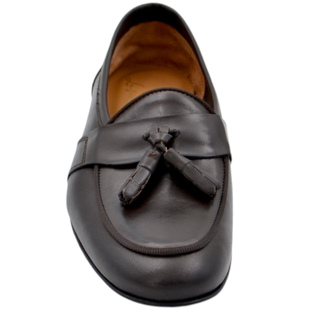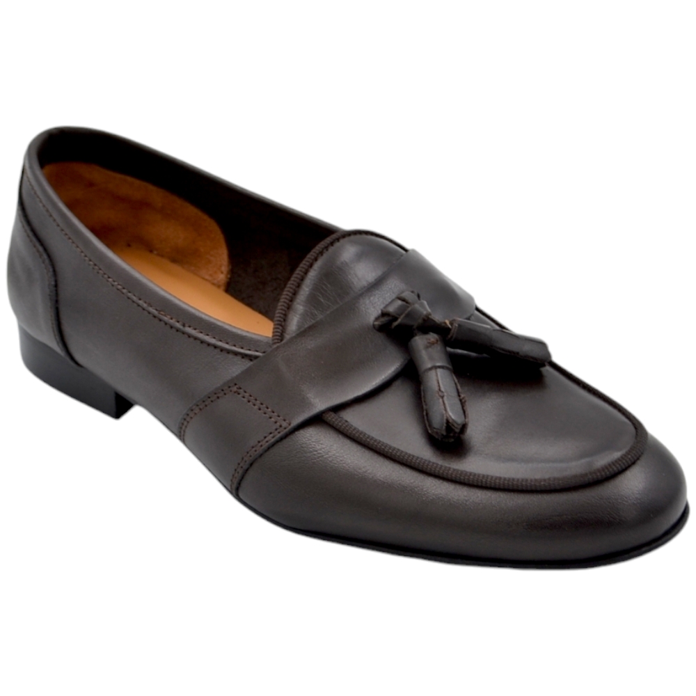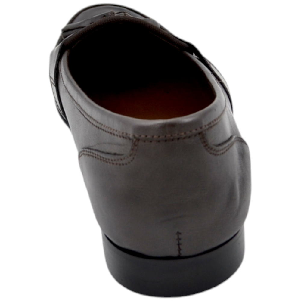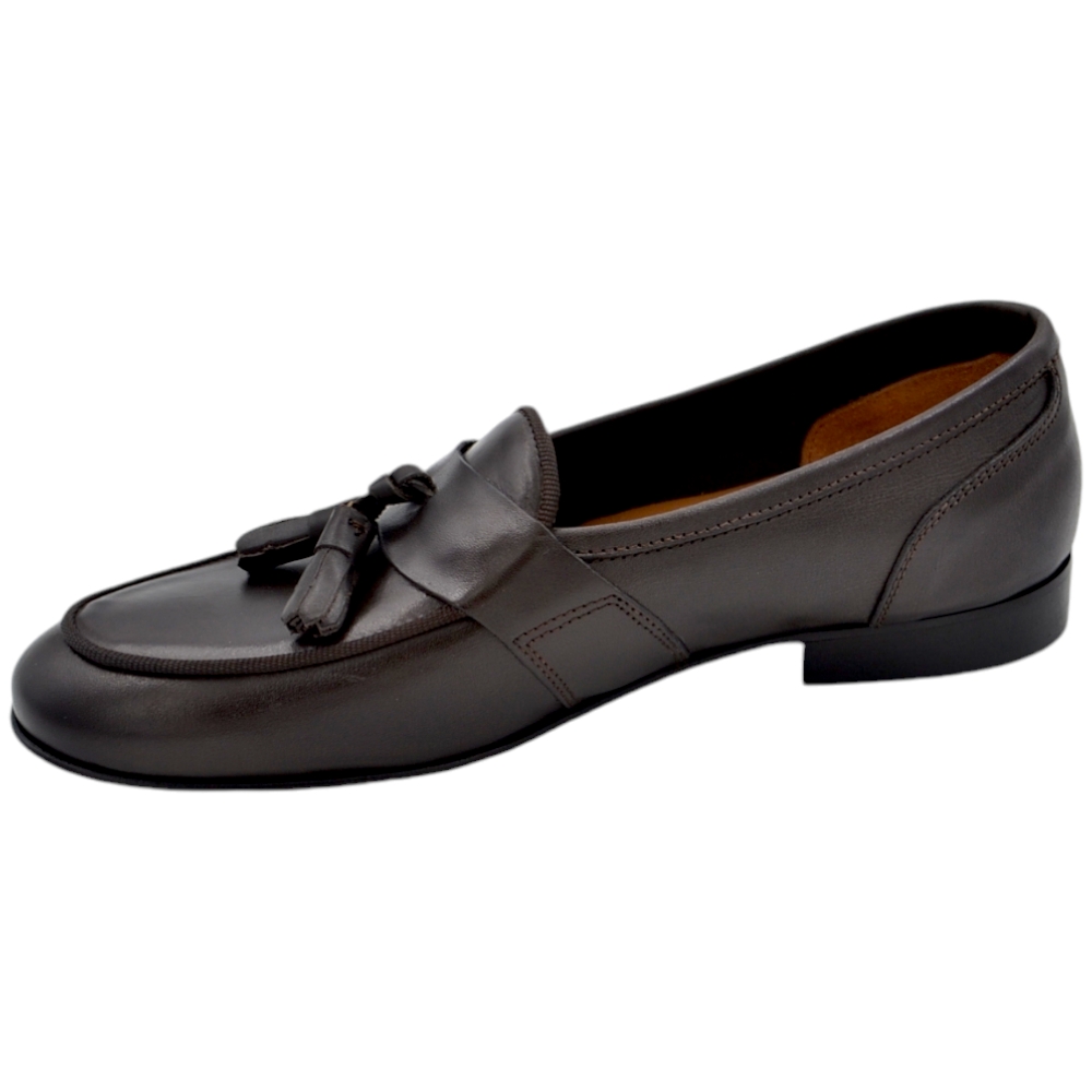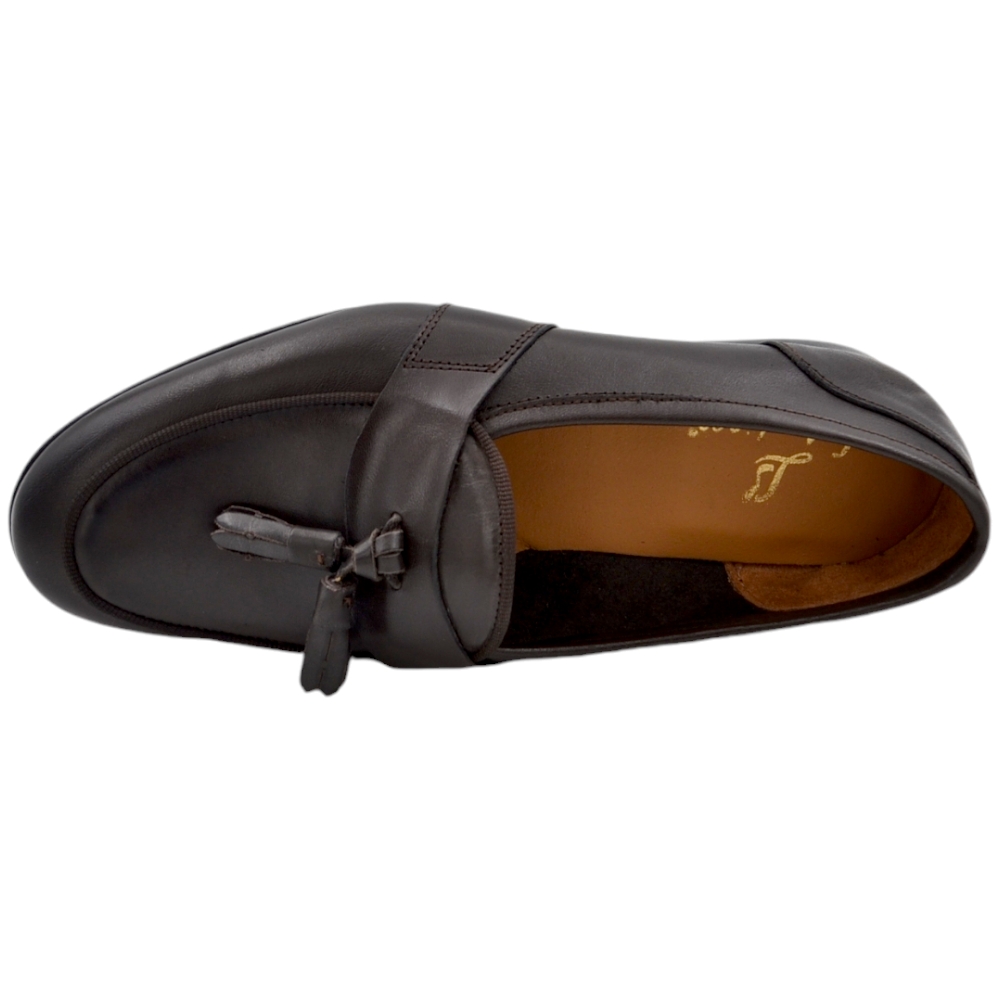 Scarpa mocassino uomo ls con bendina e bon bon vera pelle matte marrone cucita a mano fondo cuoio antiscivolo centrale
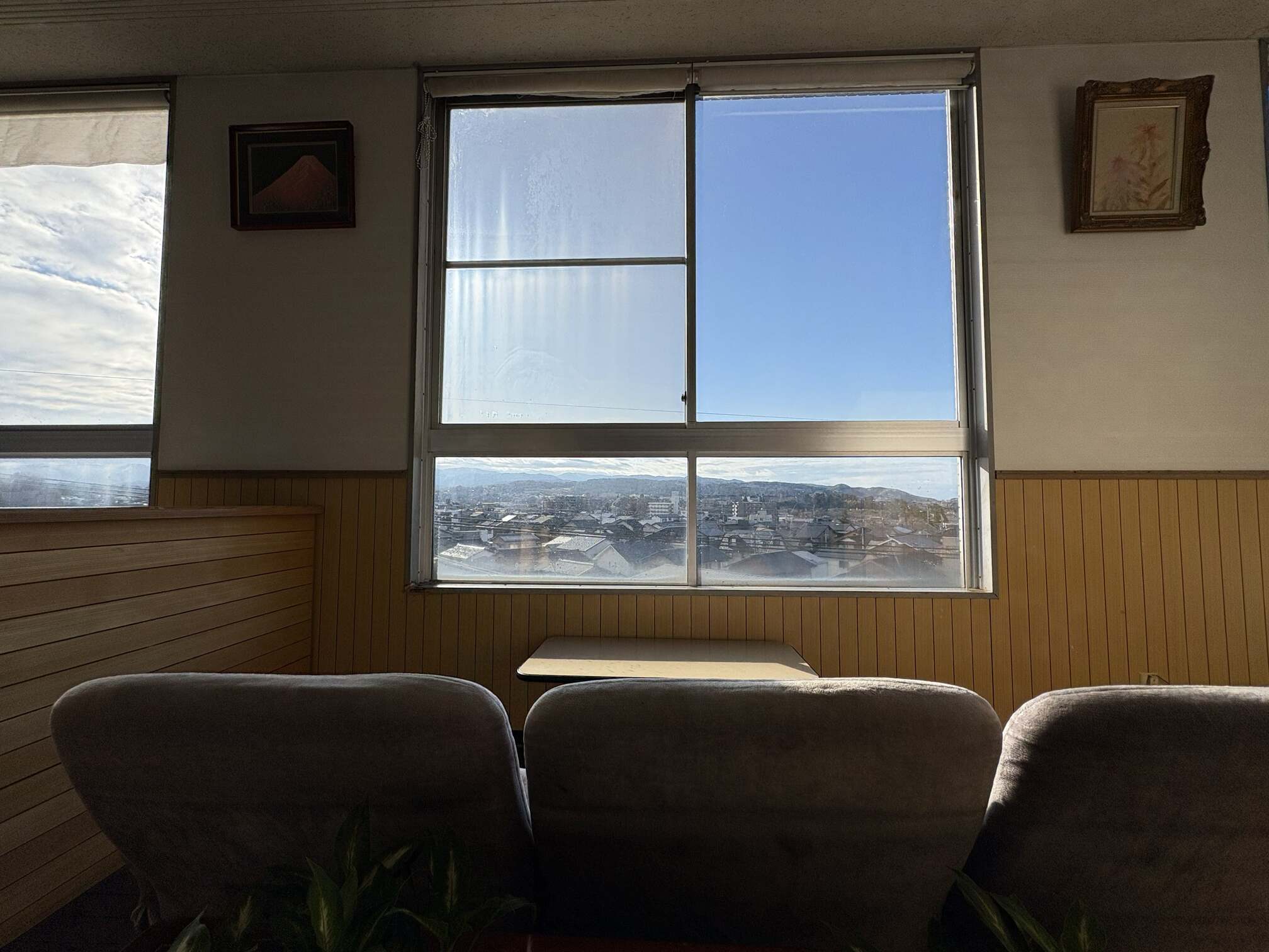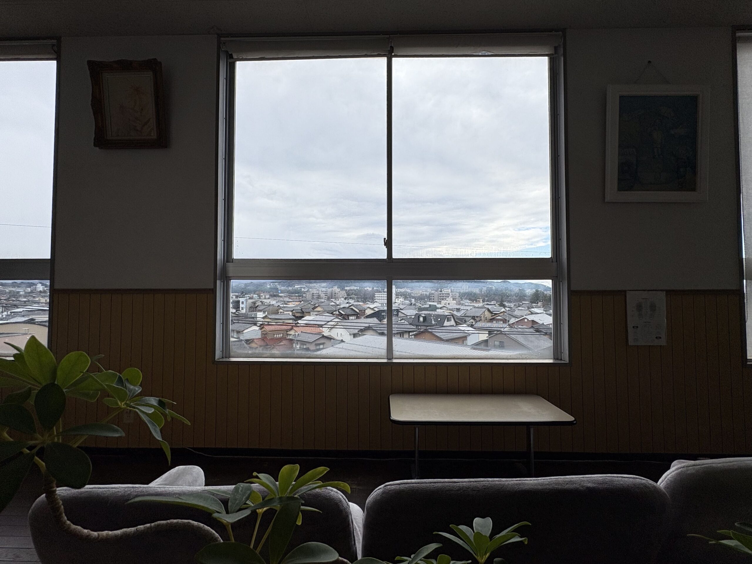 3階のロビーの窓からは、犀川流域の家並みや周辺の山々を一望できる。とても気持ちが良くついつい景色に見とれて長居してしまう。
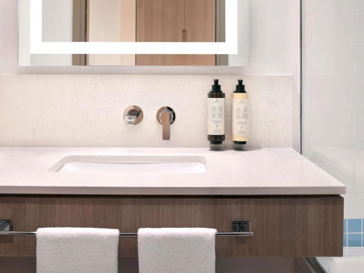 Baie: Halat de baie Prosoape Articole de toaletă gratuite Papuci de casă Uscător de păr Toaletă Duş Hârtie igienică Baie privată General : Seif Fier de călcat Facilităţi de călcat Pardoseală de gresie/marmură Izolare fonică Aer condiţionat Media/Tehnologie: TV cu ecran plat Telefon Canale prin satelit Servicii: Serviciu de trezire Zonă de living: Canapea Facilităţile camerei: Priză lângă pat Canapea extensibilă Mâncăruri și băuturi: Minibar Bucătărie: Cană fierbător Uscător de haine Dormitor: Dressing Garderobă sau dulap Curățenie și dezinfectare: Dezinfectant pentru mâini
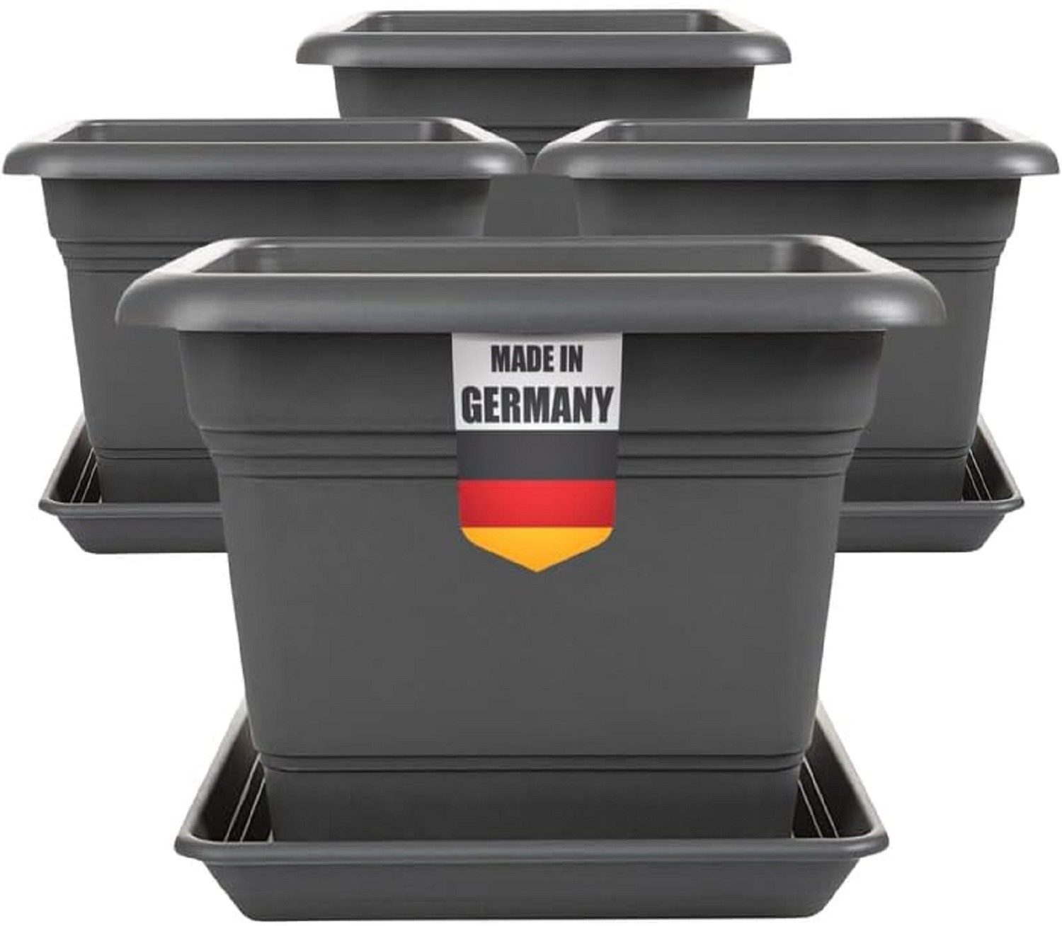 Lieferumfang: 4 Blumenkästen mit Untersetzer aus Kunststoff Anthrazit Maße 28T x 28B x 22H cm
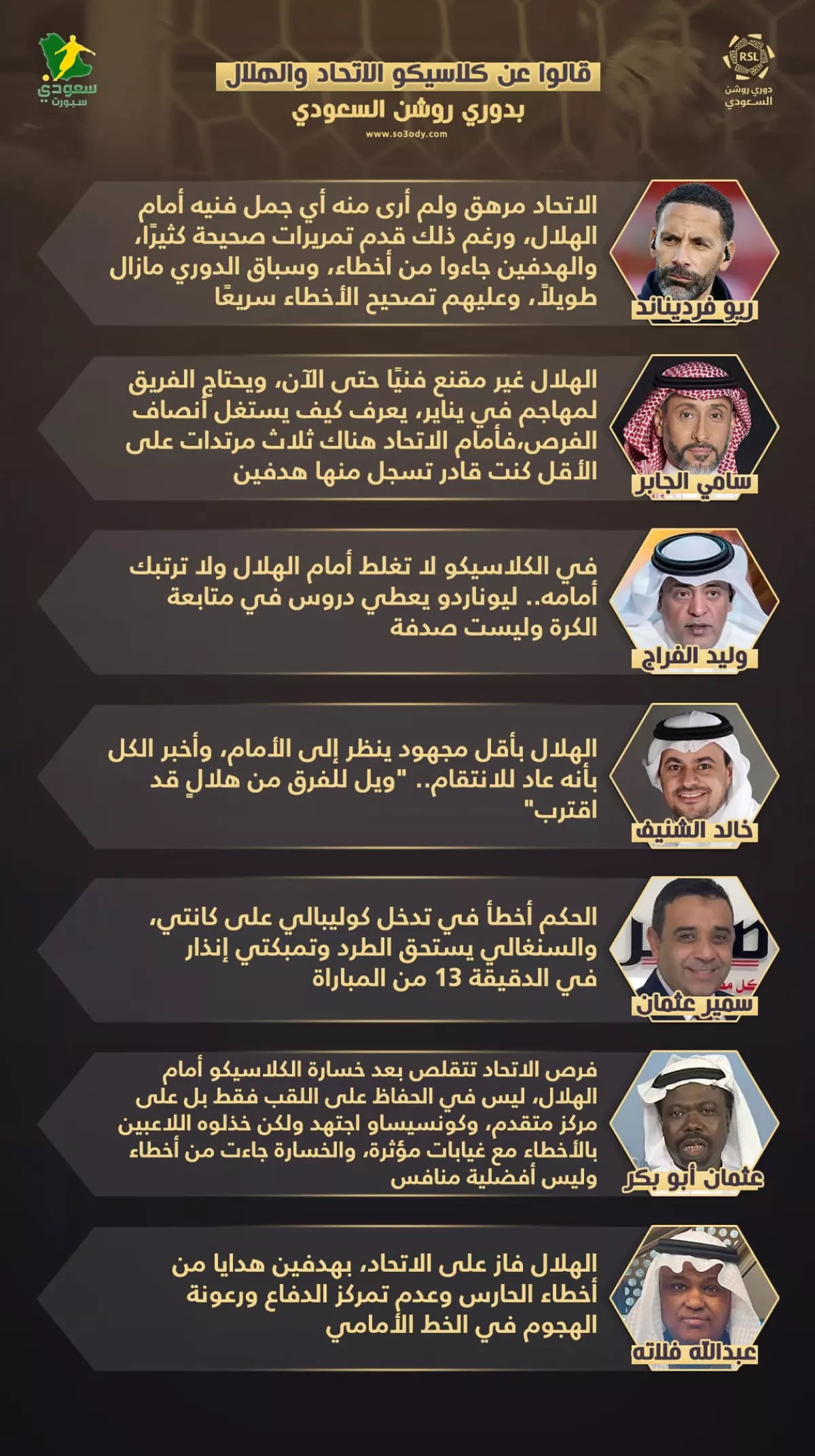 قالوا عن كلاسيكو الاتحاد والهلال بالدوري:

-- Work required --
Give back only the lines from the one that carries "Lieferumfang: 4 Blumenkästen" through the final line above, both included. Drop all pictures.

-- Your response --
 Lieferumfang: 4 Blumenkästen mit Untersetzer aus Kunststoff Anthrazit Maße 28T x 28B x 22H cm
 قالوا عن كلاسيكو الاتحاد والهلال بالدوري:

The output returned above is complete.